Becoming engaged with YOUR Diabetes
My father had Diabetes, My sister had Diabetes, My brother had Diabetes, and I have Diabetes. None of my family really took their Diabetes seriously. Despite most of my family suffering from Diabetes, I knew virtually nothing about the disease. The most they shared with me is that they should not eat sugary foods, not even honey. I watched as each of them endured the consequences of unmanaged Diabetes.
Engaging MY Diabetes
Six years ago when I finally got MY diagnosis, I decided to take an active part in managing the way Diabetes affected my life. The result is that I am probably healthier now than I was six years ago. My doctor is so pleased with my results that he has his patients look at my website for guidance. I told him that I don’t think that I have done anything so exceptional to warrant such praise. He told me the astonishing statistic that less than 5% of the people diagnosed with type 2 Diabetes do much of anything to manage their disease. I was floored.
Eating well is my key to success
Let me start with explaining that I am a chef. The prime method I use in controlling my Diabetes is the FOOD I prepare and eat. Changing my diet to work for, rather than against my Diabetes was not such an ordeal with me, or so I thought. For the first six months all I did was miss things. Bread, pasta, rice, pizza. It was so easy to get caught up in what I could not have, that I completely forgot what I could have. Rather than looking at carbohydrates as one part of my food intake, I saw it only as all the individual things that I could NOT have. I didn’t even consider that I could still have carbohydrates; I just had to cut the amount of them in each meal. All I saw was the big NO, you can’t. You can’t have this, you can’t have that. All you can have is a spoonful, but make it a small spoon.

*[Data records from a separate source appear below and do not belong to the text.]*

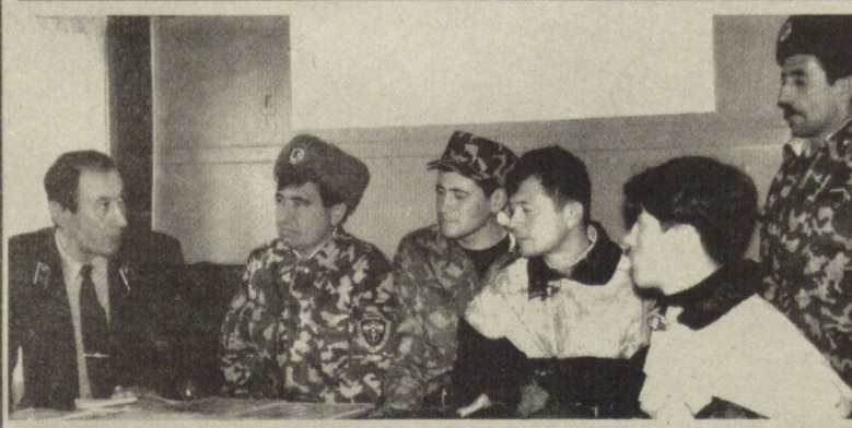
Дар сурат: рафти машғулоти дар шўбаи поезди сўкторхомушқунчи роҳи охани стансиани Қарши.

истифода аз анборҳо ва бинокҳои истеҳсолоти ёррасон маъмури ҳаҷлие, ки ӯ зиндагӣ кардааст, лавҳаи ёдгори мраммарӣ гузоштаанд.
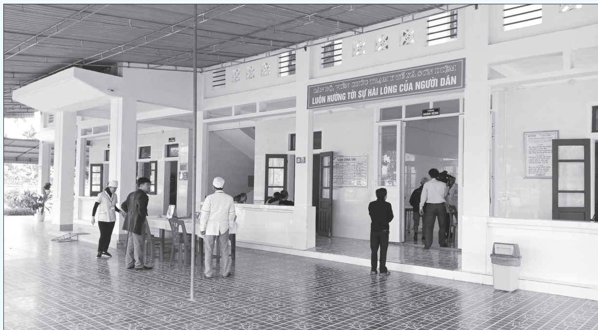
Trạm y tế Sơn Diệm - Mô hình điểm trạm y tế giai đoạn 2018-2020

Hoạt động khám, chữa bệnh đã có nhiều chuyển biến tích cực theo hướng nâng cao
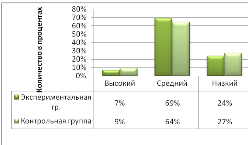
Рис. 2. Сравнительная диаграмма, отражающая количество участников экспериментальной и контрольной групп в соответствии с уровнями сформированности военно-патриотических качеств (данные констатирующего эксперимента)

Формирующий этап экспериментальной работы, направленный на апробирование разработанной модели, проходил с 2013 по 2014 гг., участниками которого являлись 86 человек – студентов 1-2 курсов Орловского государственного института искусств и культуры, составившие экспериментальную группу, и 7 человек – педагогов-организаторов социально-культурной деятельности с молодыми людьми. С молодыми людьми, вошедшими в контрольную группу, педагогическая работа в соответствии с разработанной нами моделью, не проводилась.
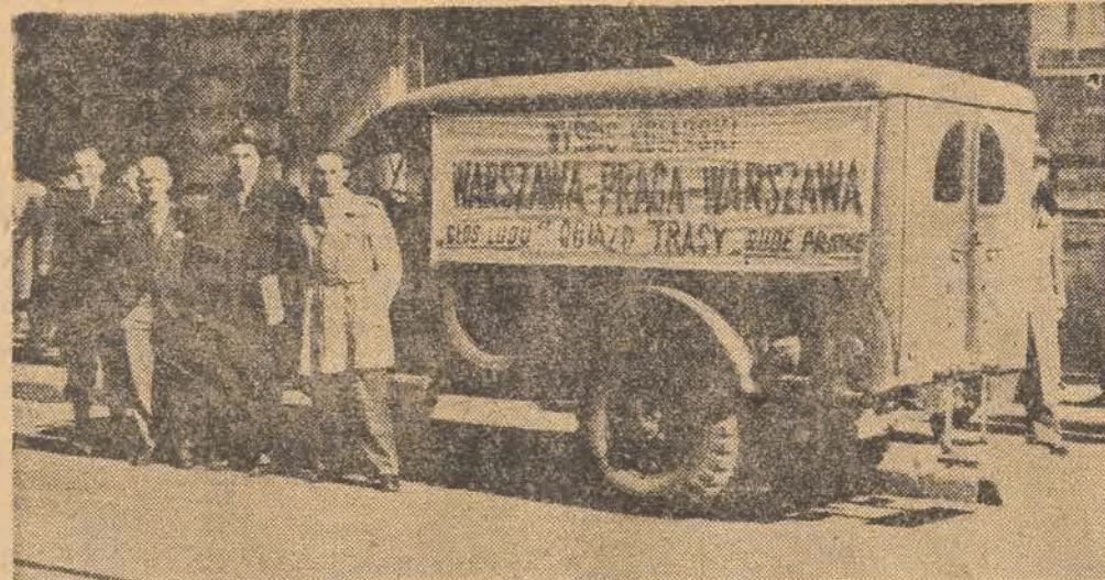
Wóz Komisji Technicznej wyścigu kolarskiego Warszawa — Praga przed redakcją „Głosu Robotniczego”.

Jakżeśmy już donosili, w tych dniach bawiła w Łodzi Komisja Techniczna objeżdżająca trasę wyścigów Warszawa — Praga i Praga — Warszawa organizowanych przez redakcję pism „Głos Ludu” i „Rude Pravo”.
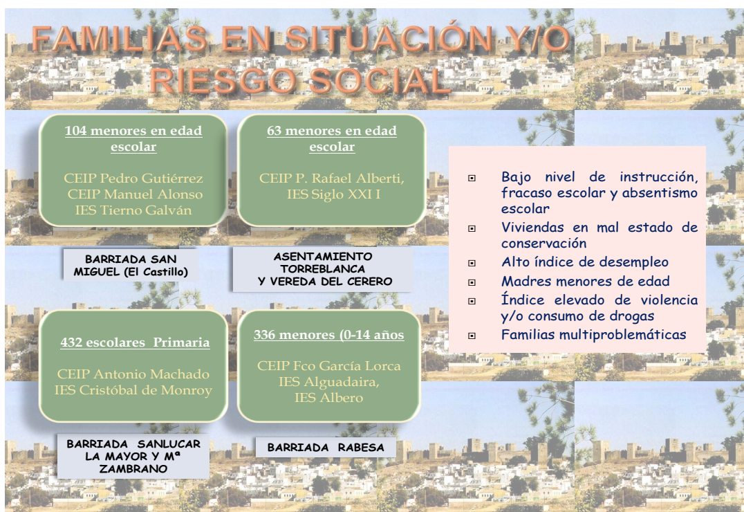
Tabla de elaboración propia

más específica, continuada, particular e integral en: la barriada “EL Castillo”, Barriada de Rabesa, Barriada Sanlucar la Mayor y M a Zambrano.
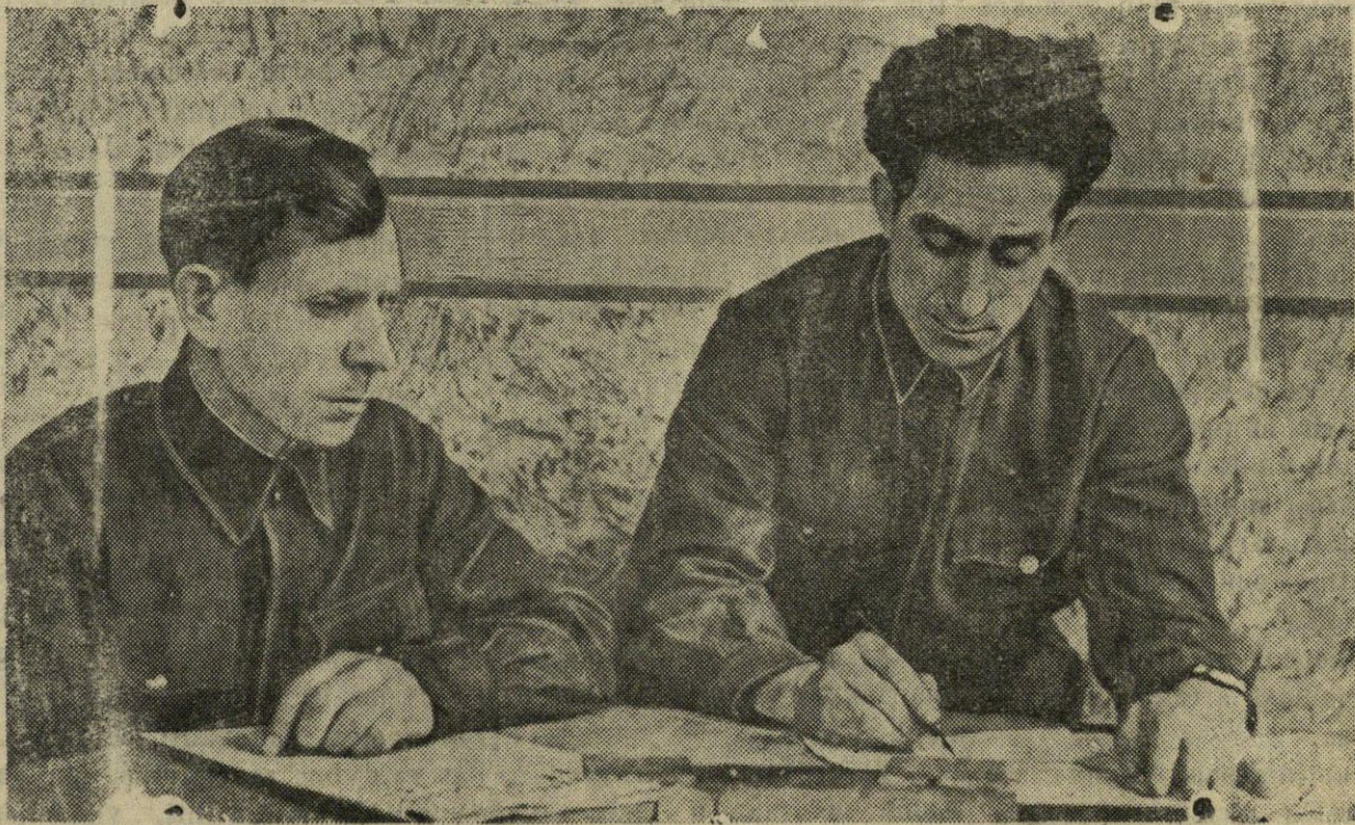
Prie savo miesto atstatymo projekto
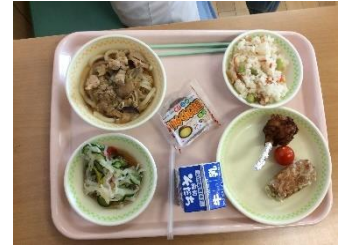
うどん、ちらし寿司、麩ロシキ、チキン、サラダなどから選びます。
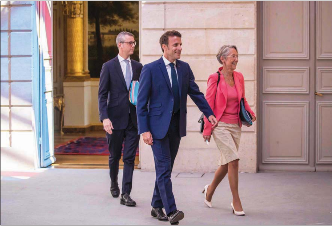
الرئيس الفرنسي ورئيسة وزرائه لدى وصولهما إلى قصر الإليزيه لحضور أول اجتماع للحكومة الجديدة أمس

قد فدعت ماكرون ويورن إلى تعزيز وضع الحزبين الرئيسيين المتحالفين معه في إطار تكتل «معاً»، وهما الحركة الديمقراطية وموديم» التي تنتمي إلى الوسط، وحزب رئيس الوزراء الأسبق إدوار فيليب «أورايرون»، وذلك من خلال تعيين وزيرين رئيسيين بنتميان إلى حركتهما.
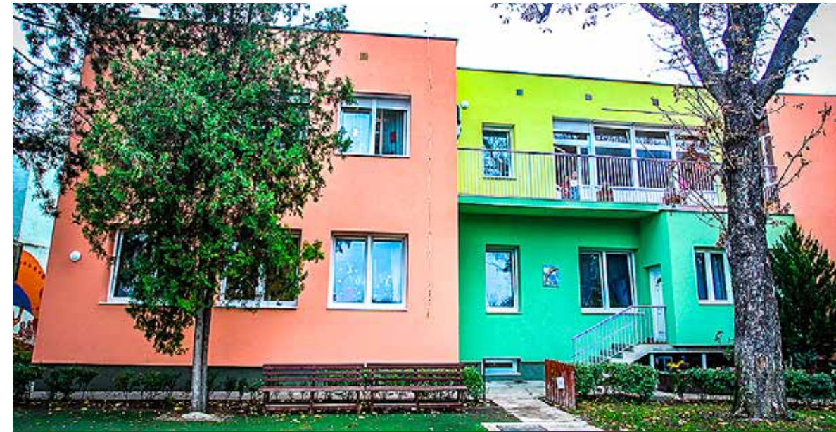
Hőszigetelést kapott a színesre festett homlokzat

Önkormányzati forrásból, állami támogatással újult meg szinte teljesen a Petőfi utcai Szivárvány óvoda. A korszerűsítés részeként napelemes rendszert építettek ki az intézményben.
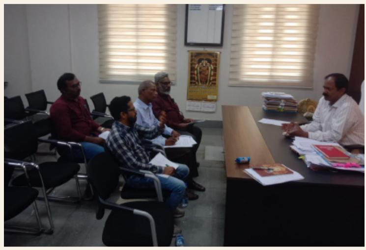
కొత్తగూడెం, ఏప్రిల్ 10 (తెలంగాణ పత్రిక)

రాష్ట్ర ఓపెన్ స్కూల్ సానైటీ నిర్వహిస్తున్న ఎస్సెస్సీ (పదో తరగతి), ఇంటర్మీడియట్ పబ్లిక్ పరీక్షలు ఈ నెల 20వ తేదీ నుంచి ప్రారంభం కానున్నాయని జిల్లా అదనపు కలెక్టర్ వేణుగోపాల్ రావు తెలిపారు. జిల్లాలో ఈ నెల 20వ తేదీ నుంచి ఓపెన్ ఎస్సెస్సీ, ఇంటర్ పరీక్షలు నిర్వహించేందుకు అన్ని ఏర్పాట్లు పూర్తి చేసినట్లు ఆయన తెలిపారు. జిల్లాలో మొత్తం 5 పరీక్షా కేంద్రాలు ఏర్పాటు చేశారు. వదో తరగతికి 1045 మంది, ఇంటర్మీడియట్ కి 1196 మంది విద్యార్థులు పరీక్షలకు హాజరుకానున్నారు. పరీక్షలు ఉదయం 9.00 గంటల నుంచి మధ్యాహ్నం 12.00 గంటల వరకు, మధ్యాహ్నం 2.30 గంటల నుంచి సాయంత్రం 5.30 గంటల వరకు నిర్వహించబడతాయి. పరీక్షా కేంద్రాలలో తాగునీరు, వైద్యం, విద్యుత్ తదితర సదుపాయాలు కల్పించారు. విద్యార్థులు హాల్ టికెట్లు అధికారిక వెబ్సైట్ http://www.telanganaopenschool.org ద్వారా డౌన్లోడ్ చేసుకోవచ్చని తెలిపారు. అలాగే వాట్సాప్ (8096958096) ద్వారా కూడా పొందవచ్చని పేర్కొన్నారు. విద్యార్థులు సమయానికి పరీక్షా కేంద్రాలకు చేరుకోవాలని, అన్ని నిబంధనలు పాటించాలని అధికారులు సూచించారు. మరిన్ని వివరాలకు సంబంధిత అధికారులను సంప్రదించవచ్చని తెలిపారు.
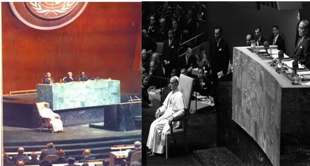
Photo : L'Antipape Paul 6 à l'ONU, le fief mondial maçonnique.

Ce feuillet énonce les preuves irréfutables permettant d'établir que Giovanni Battista Montin, l'antipape Paul VI, n'a jamais été Pape de l'Eglise catholique. De nombreuses preuves permettent d'établir ce fait, ainsi il sera tout d'abord donné quelques preuves en résumé. Ceux qui souhaitent se documenter plus profondément sur la question, peuvent lire ce feuillet en entier.
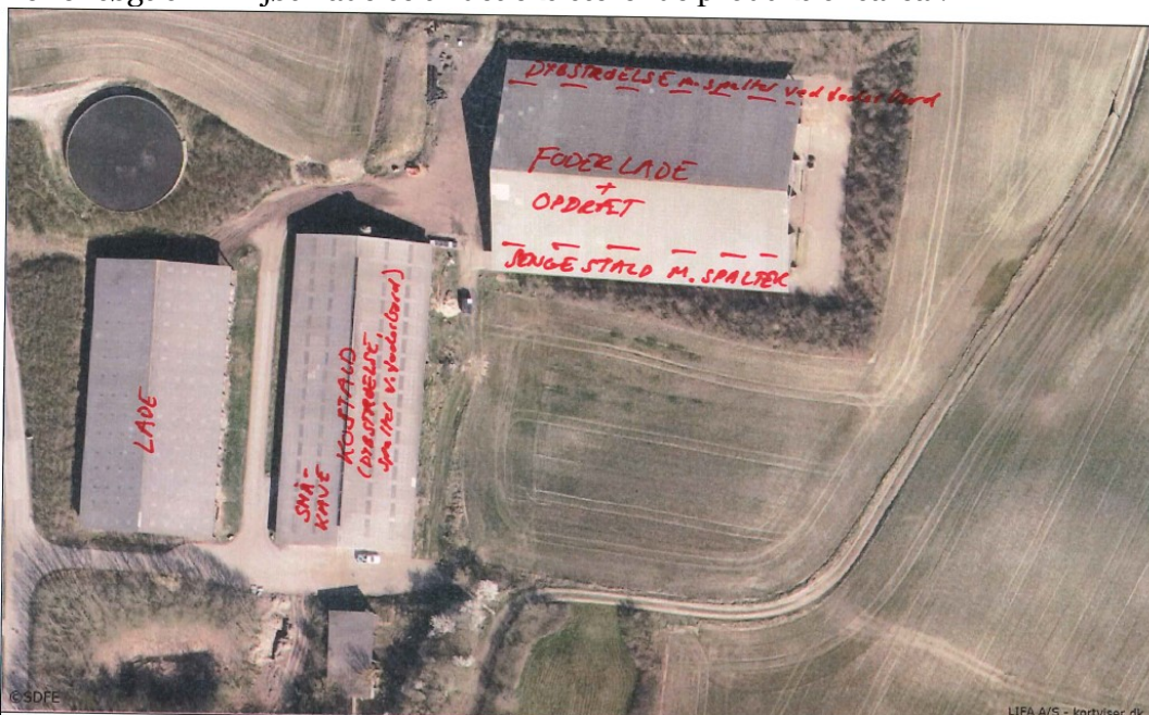
Figur 1: Skitse over produktionsareal og dyrenes placering på Orte Byvej 18, 5560 Aarup.

Der er søgt om miljøtilladelse til det eksisterende produktionsareal.
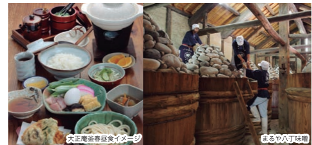
大正庵釜春昼食イメージ

問い合わせ先/052-253-6324(観光販売システムズ) 運行時期/10月7日(日)、8日(月祝)、14日(日)、15日(月)、20日(日)、22日(月)、27日(日) 11月3日(土)、4日(日)、10日(土)、11日(日)、17日(土)、18日(日)、25日(日)、26日(月) 12月1日(土)、2日(日)、8日(土)、9日(日)、10日(月)、15日(土)、16日(日)、23日(日)、24日(月祝) 旅行代金/大人・小人3,000円 料金に含まれるもの/バス代、岡崎歴史かたり人案内料、岡崎城下家康公お城クーポン、大樹寺宝物殿、大正庵釜春昼食 ガイド・同行/岡崎歴史かたり人1名 所要時間/7時間35分 行程/JR岡崎駅(9:00)出発…名鉄東岡崎駅(9:25)出発…六所神社(見学)…岡崎城(入館)・グレート演武見学・岡崎公園(見学)~自由散策~三河武士のやかた家康館(各自支払い)観光みやげ店(岡崎土産300円券付・家康公クーポン利用)…大正庵釜春(昼食)…大樹寺(宝物殿拝観)…八丁味噌の蔵(見学、味噌土産付)…名鉄東岡崎駅(16:15)着…JR岡崎駅(16:35)着
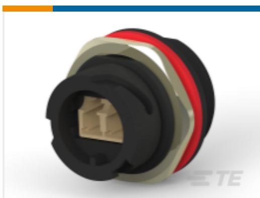
TE 产品编号 1828619-1 Kit,Receptacle,LC, ODVA,MM
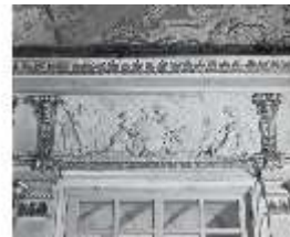
AnsRes.II, Relief "Erde", R.2, DE003777, BSV-

At first, even the medication (metformin) was awful. My sister used the same medication and was virtually a prisoner in her own home. It had a similar effect on me. I just learned to carry an anti-diarrheal with me until my body adjusted to the medication. It never worked for her, but did for me. I can never say “we are all different” often enough.
Anger as motivation
What information I got from the booklets my doctor gave me didn’t help me see what I could have, just general guidelines of carbohydrate intake and tools to “guess” how big the portion size should be. The dietician he sent me to see made it worse by screaming at me when I asked her: “If I have just coffee in the morning, a can of tuna for lunch, could I then “pool” my carbohydrates so I could have that very desirable bowl (not 1 ounce portion) of pasta for supper?” Instead of saying that it MIGHT be a better choice to keep your carbohydrate intake level throughout the day, she just screamed “YOU CAN’T DO THAT”. I was not only depressed, I was angry. Angry with myself and angry with her. That anger was good. It made me realize (unlike my sister) that just taking the medication was not enough.
The first turning for me was meeting with a dietician in my “stupidmarket”. She walked me through the aisles and pointed out what I should be looking at on the labels of the foods I ate. She led me to a few breads (among other things) that had fewer net carbohydrates than the breads I usually ate. That was the key for me. My boring lunch of that can of tuna on a plate with a side of rabbit food went back to being the sandwich I always ate for lunch. It was the beginning of learning to cook and eat and think in a way that helped me manage my Diabetes.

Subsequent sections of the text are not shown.